■ **ASSIGNED TASK**:
In the material below, please retype the lines from the very first through the one with "미국의 연예가십전문사이트 TMZ닷컴은", exactly and without pictures.

■ **RECORDED INFORMATION**:
------------------------------------------------------------

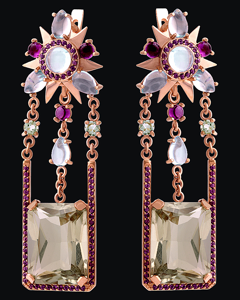 Золото(585), празиолиты, топазы, родолиты.
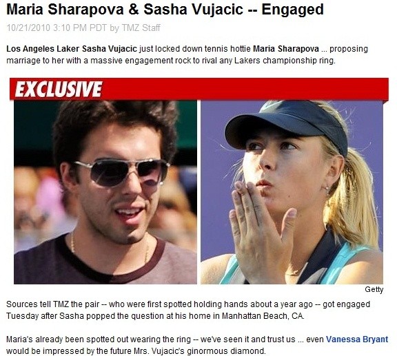 미국의 연예가십전문사이트 TMZ닷컴은 현지시각으로 21일 마리아 샤라포바와 LA 레이커스에서 활동 중인 농구 선수 사샤 사샤 부야치치(26)가 약혼했다고 보도했다.
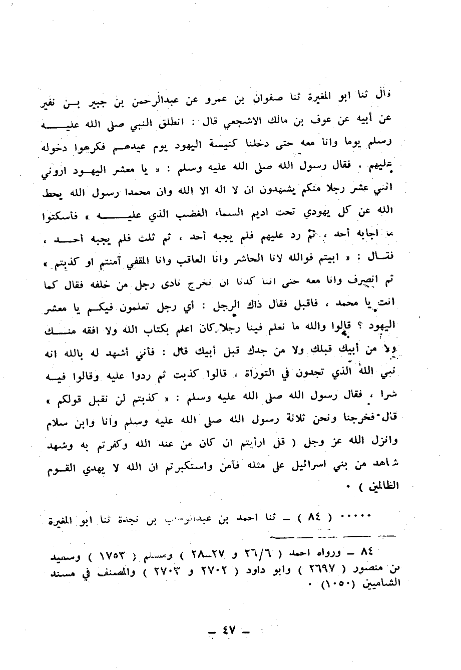 84 - ثَنَا أَحْمَدُ بْنُ عَبْدِ الْوَهَّابِ بْنِ نَجْدَةَ، ثنا أَبُو الْمُغِيرَةِ، ثنا صَفْوَانُ، ح وَحَدَّثَنَا أَحْمَدُ بْنُ عَبْدِ الْوَهَّابِ بْنِ نَجْدَةَ الْحَوْطِيُّ، ثنا أَبِي، ثنا إِسْمَاعِيلُ بْنُ عَيَّاشٍ، عَنْ صَفْوَانَ بْنِ عَمْرٍو، عَنْ عَبْدِ الرَّحْمَنِ بْنِ جُبَيْرِ بْنِ نُفَيْرٍ، عَنْ أَبِيهِ، عَنْ عَوْفِ بْنِ مَالِكٍ، أَنَّ رَسُولَ اللهِ صَلَّى اللهُ عَلَيْهِ وَسَلَّمَ لَمْ يُخَمِّسِ السَّلَبَ وَأَنَّ مَدَدِيًّا كَانَ رَفِيقًا لَهُ فِي غَزْوَةِ مُؤْتَةَ فِي طَرَفِ الشَّامِ، فَلَقُوا الْعَدُوَّ، فَجَعَلَ الرُّومِيُّ مِنْهُمْ يَشْتَدُّ عَلَى الْمُسْلِمِينَ وَهُوَ عَلَى فَرَسٍ أَشْقَرَ، وَسَرْجٍ مُذْهَبٍ، وَمِنْطَقَةٍ مُلَطَّخَةٍ بِذَهَبٍ، وَسَيْفٍ مُحَلًّى مِنْ ذَهَبٍ، فَيُغْزِي بِهِمْ، فَيَلْطُفُ لَهُ ذَلِكَ الْمَدَدِيُّ حَتَّى مَرَّ بِهِ فَعَرْقَبَ فَرَسَهُ، فَوَقَعَ ثُمَّ عَلَاهُ بِالسَّيْفِ فَقَتَلَهُ، فَلَمَّا هَزَمَ اللهُ الرُّومَ قَامَتِ الْبَيِّنَةُ لِلْمَدَدِيِّ إِنَّهُ قَتَلَهُ، فَأَعْطَاهُ خَالِدٌ سَيْفَهُ وَخُمْسَ مَالِهِ، قَالَ عَوْفٌ: فَكَلَّمَتُ خَالِدَ بْنَ الْوَلِيدِ فَقُلْتُ: أَمَا تَعْلَمُ أَنَّ رَسُولَ اللهِ صَلَّى اللهُ عَلَيْهِ وَسَلَّمَ قَضَى بِالسَّلَبِ لِلْقَاتِلِ؟ قَالَ: بَلَى وَلَكِنِّي اسْتَكْثَرْتُهُ، قَالَ عَوْفٌ: وَكَانَ بَيْنِي وَبَيْنَهُ كَلَامٌ فَقُلْتُ: وَاللهِ لَأُخْبِرَنَّ رَسُولَ اللهِ صَلَّى اللهُ عَلَيْهِ وَسَلَّمَ خَبَرَكَ، قَالَ عَوْفٌ: فَلَمَّا اجْتَمَعْنَا عِنْدَ النَّبِيِّ صَلَّى اللهُ عَلَيْهِ وَسَلَّمَ ذَكَرَ عَوْفٌ مَا كَانَ مِنْهُ فَقَالَ رَسُولُ اللهِ صَلَّى اللهُ عَلَيْهِ وَسَلَّمَ: «مَا مَنَعَكَ أَنْ تَدْفَعَ إِلَيْهِ؟» فَقَالَ خَالِدٌ: اسْتَكْثَرْتُهُ، قَالَ: «ادْفَعْهُ إِلَيْهِ» قَالَ عَوْفٌ: فَقُلْتُ: كَيْفَ رَأَيْتَ يَا خَالِدُ، أَلَمْ أُنْجِزْ لَكَ مَا وَعَدْتُكَ؟ فَغَضِبَ رَسُولُ اللهِ صَلَّى اللهُ عَلَيْهِ وَسَلَّمَ وَقَالَ لِخَالِدٍ: «لَا تُعْطِهِ» وَقَالَ: «§مَا أَنْتُمْ بِتَارِكِي لِي أُمَرَائِي»

------------------------------------------------------------

■ **REPLY TO THE EXERCISE**:
 Золото(585), празиолиты, топазы, родолиты.
 미국의 연예가십전문사이트 TMZ닷컴은 현지시각으로 21일 마리아 샤라포바와 LA 레이커스에서 활동 중인 농구 선수 사샤 사샤 부야치치(26)가 약혼했다고 보도했다.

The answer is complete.